I promised I'd tell you a story about five years ago today. However, the story actually begins five years and 2 days ago.
Five years and two days ago I was house and dog sitting for Carmencita. I got the call from Mama Kizz that I should come to Maine. This might be it.
It. My mom is big on the whole "this might be the last time we..." thing. Me too, I guess, not sure if I was born with it or I got it from her.
But there were dogs and tenants and oh god. So I said I'd leave the next day. Sometime in the evening it became clear that there was no heat in the house. I couldn't reach Carmencita to tell her that I was leaving earlier than I thought and I couldn't reach the heating company. Eventually I gave up on her. The heating company I called every hour or so all night long. Their answering service was really pleased with me. Didn't make it a degree warmer, though.
Finally, five years and a day ago Pony Express showed up with her car. There was no packing, despite being only about 6 blocks from my own home I didn't bother to go through the important packing process. I don't know whether I was being lazy or superstitious but I went with one pair of jeans, one pair of sneakers, a couple of turtlenecks and probably 3 or 4 books. Oh, and the dog.
Straight through, 7 hours to Winslow, ME. I stopped to pee once, just over the line into NH but I didn't even let the dog out I just got back in the car, apologized to her and kept going. I don't know if mom was at the house when I got there or at the hospital but I dropped my things, talked to her somehow (phone? in person? probably in person) and she said she'd buy me dinner at the fancy lobster place. So we went and got my dinner boxed and went to the hospital so I could eat the yummy lobster roll and the passable fries in front of my grandmother.

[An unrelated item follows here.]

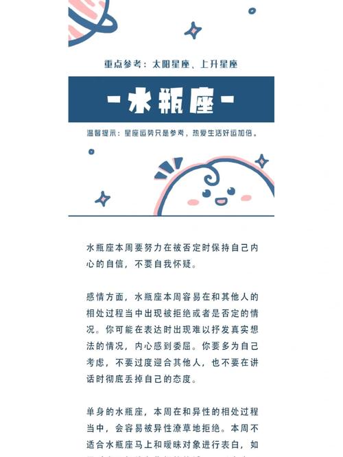 5. 預(yù)防感冒:本周水瓶座的免疫力可能會(huì)有所下降,建議注意保暖,避免感冒等小疾病的侵襲。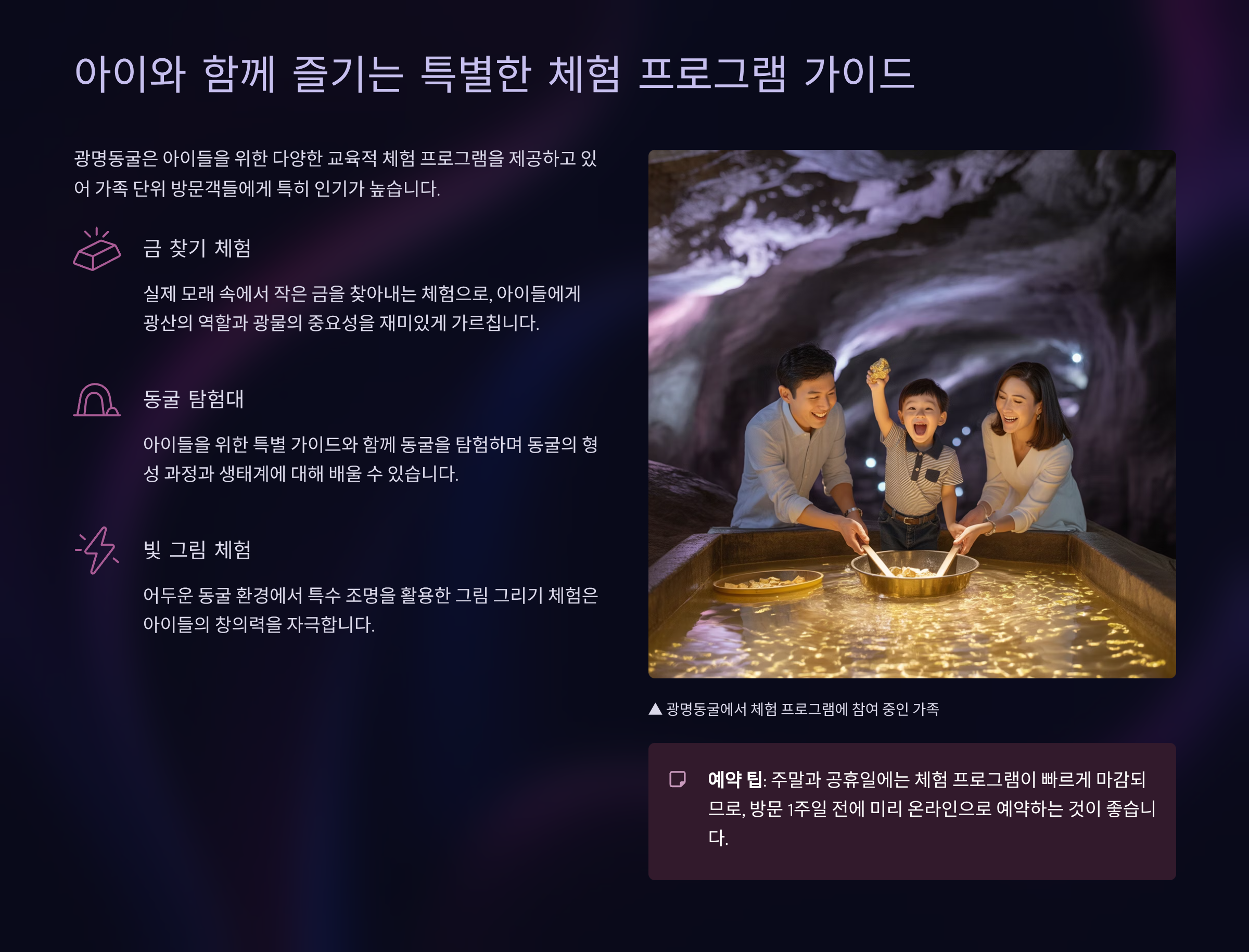 광명동굴 주요 체험 프로그램

I also got some back story on this little outing. Apparently my grandmother had been diagnosed with kidney failure around Thanksgiving. When asked by her son what "we" were going to do about it her reply was, "We're going to keep on trucking." If you ever met my grandmother you will know how fucked up that is. The not doing anything about it is her to a T but the phrasing? So very wrong. She was like...oh god, like Marion Ross on Happy Days I guess. Yes, that's the closest. I'd go with Mrs. Doubtfire but she wasn't as chatty or quite as warm as that. Anyway, no dialysis, no new meds, nothing special, she was just going to ride it out. Much later it came out that she had promised her sister that she would stay through Christmas. Here is my request to you, please do not lie to people that count on you in your dying days. It means that your legacy is a rippling pool of anger and pain and I really don't think that's what you're going for.
Upon arrival at the hospital I felt a little duped. She was conscious, she was chatting, she had a visitor, there was even some music playing. So we sat and talked and listened to the music. She looked pretty good considering. She'd finally decided to call the ambulance the night before because she couldn't breathe but she had oxygen now and she wasn't very chatty but she was clearly present. I scoped the room, figuring someone would have to stay the night and since I was the last one in and the youngest it'd be me. Imagine my surprise when Mama Kizz got us both ready to go. So we said good night.
I thought that was weird. I figured it was what Grammy Fern had asked for so I went along with it. I don't know if it was the right thing to do. But it's what we did.
Aunt Rena thinks it was the wrong thing to do. She has passed up no chance to tell us that, if she'd known we were going to leave her sister alone for the doctors to kill her, she would have insisted that we take her back to sleep the night in a stiff hospital chair. I will say that I don't think it would have changed anything for anyone to be there. I am not in the camp that believes that the doctors dosed her up and killed her. It's a small camp. Rena is the Queen and the Publicist. That little Queendom has a fabulous press corps.
I slept on the couch in my grandmother's living room. The other options were not good since with three bedrooms and we had Rena, Mama Kizz and Mama Kizz's Old Man Friend. I felt better being on a different floor.
Five years ago today at 7am the phone rang and at that point you kind of know. Mom came down and told me they suggested we get to the hospital. So, unshowered for 2 days, I grabbed a sweater, put on my sneakers and we went over in 2 cars.
She was unconscious and, of course, not expected to regain consciousness you know, ever.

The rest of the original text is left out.